Hybrid Logical Clock (HLC): A clock that combines a physical wall clock timestamp with a logical counter.
Format: HLC = (physical_time, logical_counter)
Rules:
- On local event:
HLC.physical = max(HLC.physical, wall_clock); HLC.logical++ - On send: same as local event; include HLC in message
- On receive with
HLC_msg:HLC.physical = max(HLC.physical, HLC_msg.physical, wall_clock)HLC.logical = max(HLC.logical, HLC_msg.logical) + 1
Properties:
- Always monotonically increasing (never goes backward, unlike wall clocks)
- Stays within bounded drift of physical wall time
- Captures causal ordering (if A → B, then HLC(A) < HLC(B))
- O(1) space — just one tuple
Why CockroachDB uses HLC:
- Needs to assign transaction timestamps that are approximately physical time (for human-readable queries, time-travel queries)
- Wall clocks can go backward (NTP correction) → would violate MVCC ordering
- HLC gives monotonic timestamps that stay close to physical time → correct MVCC + usable timestamps
Comparison to TrueTime:
- TrueTime (Spanner): physical time with bounded uncertainty; requires GPS + atomic clock hardware
- HLC: software-only; no bounded uncertainty; just stays “close” to wall time
- HLC is the practical alternative for systems without TrueTime hardware
ID Generation
Compare Snowflake IDs, ULIDs, and UUID v4 for distributed ID generation.
?
UUID v4 (random):
550e8400-e29b-41d4-a716-446655440000
128 bits of randomness
- ✅ Globally unique; zero coordination; universally supported
- ❌ Not sortable; random inserts fragment B-tree indexes
- ❌ 36-character string (large storage overhead)
- Use when: simplicity matters more than performance or sortability
Snowflake ID (Twitter, 2010):
64-bit: [41-bit ms since epoch][10-bit node ID][12-bit sequence]
- ✅ Fits in SQL bigint; time-sorted (good B-tree locality)
- ✅ 4096 IDs/ms/node with no cross-node coordination
- ❌ Requires pre-assigned node IDs (coordination for node registration)
- ❌ Sensitive to clock skew (can produce IDs out of order across nodes)
- Use when: high throughput, need 64-bit integer, time-sorted inserts
ULID:
48-bit ms timestamp + 80-bit cryptographic random = 128 bits
Encoded as 26 Crockford base32 characters: 01ARZ3NDEKTSV4RRFFQ69G3BVZB
- ✅ Globally unique; sortable; URL-safe; no coordination
- ✅ Human-readable; lexicographic sort = time sort
- ❌ 128-bit (larger than Snowflake); not a native SQL integer type
- Use when: need sortable UUIDs without pre-assigned node IDs
UUID v7 (RFC 9562, 2024):
48-bit ms timestamp + 74 bits random/version = 128 bits
Standard UUID format: 0192f8a4-e7b5-7abc-9def-123456789abc
- ✅ Standardized; time-sorted; UUID-compatible; no coordination
- ✅ Good choice for new systems needing sortable IDs
- Use when: need a standard, sortable UUID for new systems (preferred over v4)
Consensus
What is consensus and what are its four formal properties?
?
Consensus: A group of nodes must agree on a single value.

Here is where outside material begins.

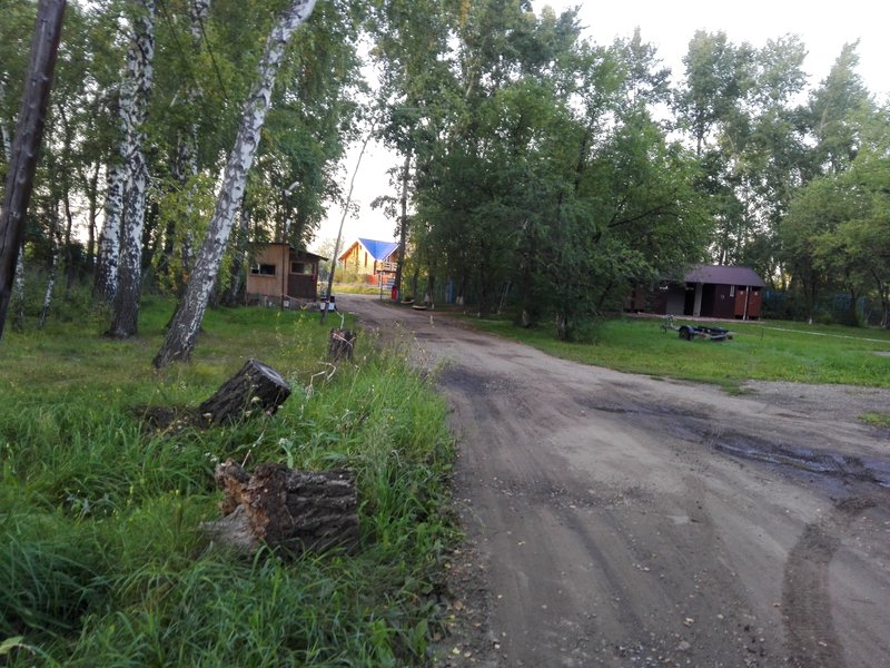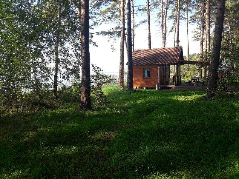 - малюсенькое озерцо совсем рядом, видно из домиков, а также и Обское, через дорогу и лесок идти 5 минут.

Once they decide, the decision is final and permanent.
Formal properties:
- Uniform agreement: All non-faulty nodes decide on the same value — no two nodes decide different values
- Validity: The decided value was actually proposed by some node — no value appears from nowhere
- Integrity: Each node decides at most once — once decided, the decision cannot change
- Termination (liveness): All non-faulty nodes eventually decide — the system doesn’t block forever
Practical equivalences (all reducible to consensus):
- Leader election → agree on which node is leader
- Total order broadcast → agree on the order of messages
- Atomic commit (2PC) → agree on whether to commit or abort
- Distributed lock → agree on which client holds the lock
The FLP impossibility: In a fully asynchronous network, consensus is impossible if even one node can fail. This is why all practical consensus algorithms (Raft, Paxos) assume partial synchrony (use timeouts).
How does Raft achieve consensus? Describe leader election and log replication.
?
Raft overview: Leader-based consensus algorithm designed for understandability. All writes go through the elected leader.
Leader election:
- Nodes start as Followers; transition to Candidate on election timeout (no heartbeat received)

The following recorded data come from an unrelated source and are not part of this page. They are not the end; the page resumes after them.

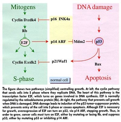 In a pathway dominated by growth factors (see Figure below), a failure to regulate the E2F protein can result in uncontrolled cell proliferation. "E2F basically controls entry into S phase of the cell cycle where cells commit to duplicating their DNA," he said. E2F activity is normally regulated by the retinoblastoma (Rb) protein.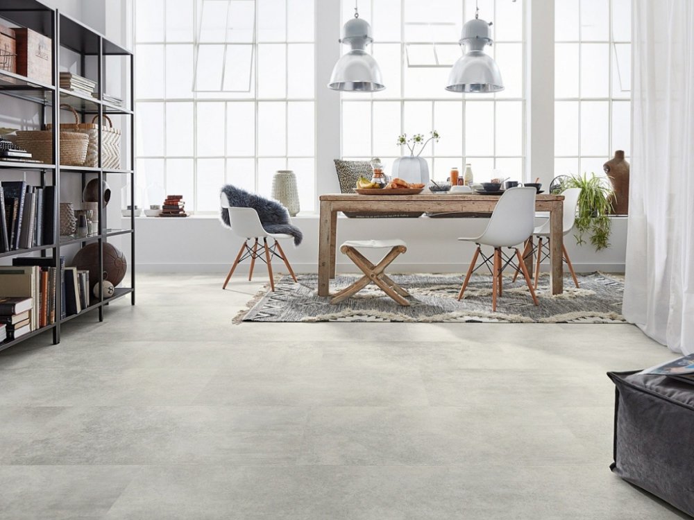 Skvělé pro kuchyně, chodby a kanceláře – odolá ruchu i kolečkovým židlím, a zároveň svým betonovým dekorem zútulní prostor.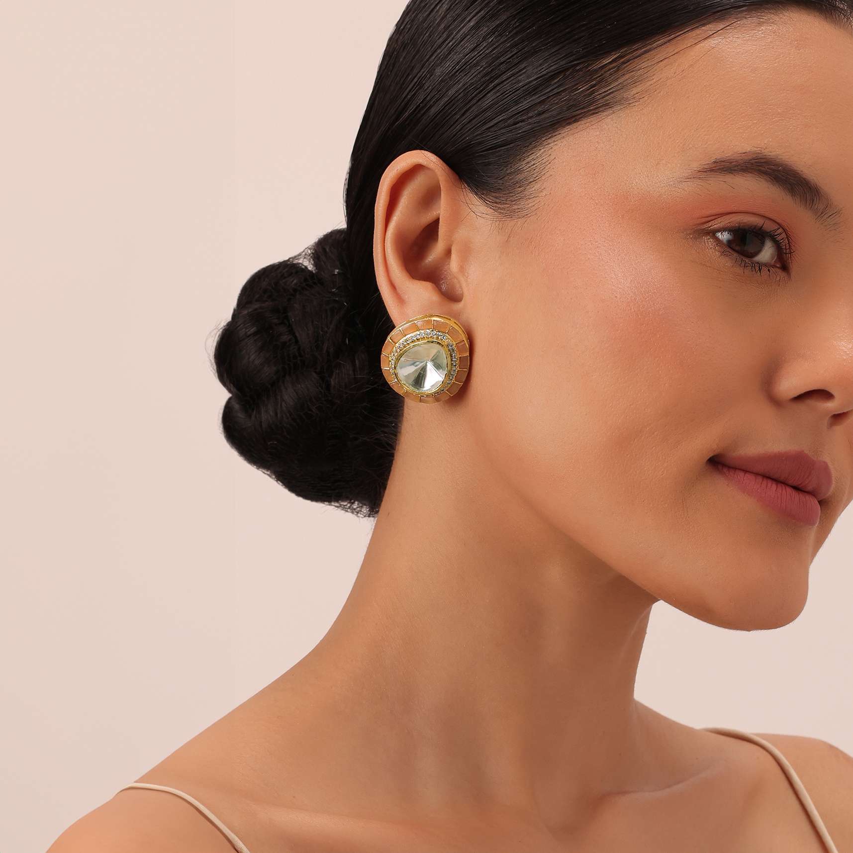 Introducing a one-of-a-kind gold finish statement studs that exude grandeur and elegance. Made using the finest quality mixed metal it displays meticulous craftsmanship. A timeless beauty that is adorned with dazzling polki and is elevated with peach Meenakari work.Keep away from moisture perfume alcohol and harsh chemicals.Spot clean only.Keep away from sharp objects. Awarded as the Most Trusted Brand, we're delivering styles you love, just as promised.

- Candidate: increment term; vote for self; send
RequestVoteto all nodes - Becomes Leader if majority responds YES in this term
- If another leader with higher term is seen: step down to Follower
- If split vote (tie): timeout, increment term, re-elect
- Safety guarantee: Only ONE leader per term (two candidates can’t both get majority of N nodes)
Log replication:
- Client sends write to Leader
- Leader appends entry to its log (uncommitted)
- Leader sends
AppendEntriesRPC to all followers - Once majority acknowledges the entry: Leader marks it committed
- Leader applies committed entry to state machine; responds to client
- Followers apply committed entries on next
AppendEntries(via commit index)
Key safety property: A leader always has all committed entries. The election algorithm ensures a candidate can only win if its log is at least as up-to-date as any majority’s logs. This prevents a new leader from missing committed entries.
What is total order broadcast (TOB) and why is it equivalent to consensus?
?
Total Order Broadcast (TOB):
- All messages are delivered to all nodes in the same order
- No message is skipped (reliable delivery)

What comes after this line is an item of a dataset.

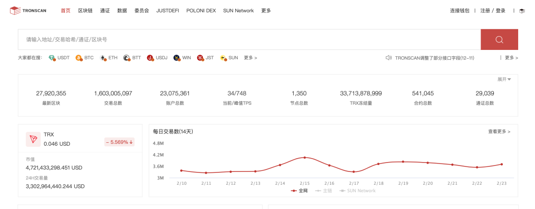 官网: https://tronscan.io/

- Also called: atomic broadcast
Equivalence to consensus:
- TOB = one consensus decision per message
- Each position in the total order = one round of consensus
- If you can solve consensus → you can implement TOB (use consensus to agree on the next message at each position)
- If you can implement TOB → you can build consensus (broadcast a proposed value; the first delivered = the decision)
Practical use:
- Replicated state machine: Apply the same TOB-ordered messages to the same initial state on each replica → all replicas end up in the same state
- ZooKeeper uses Zab (ZooKeeper Atomic Broadcast) — a TOB protocol
- Kafka uses Raft in KRaft mode for its controller log — a TOB protocol
- etcd uses Raft — every key-value write = one TOB message
Why TOB is harder than regular broadcast: Regular broadcast (UDP multicast) doesn’t guarantee ordering or delivery. TOB requires consensus — all nodes must agree on the same ordering, even if some nodes are slow or partitioned.
Coordination Services
What does ZooKeeper provide and how does it implement leader election and fencing tokens?
?
ZooKeeper (Apache): Distributed coordination service built on Zab (ZooKeeper Atomic Broadcast — similar to Raft).
Core primitives:
- Znodes: Files in a hierarchical tree; can store small data (config, status)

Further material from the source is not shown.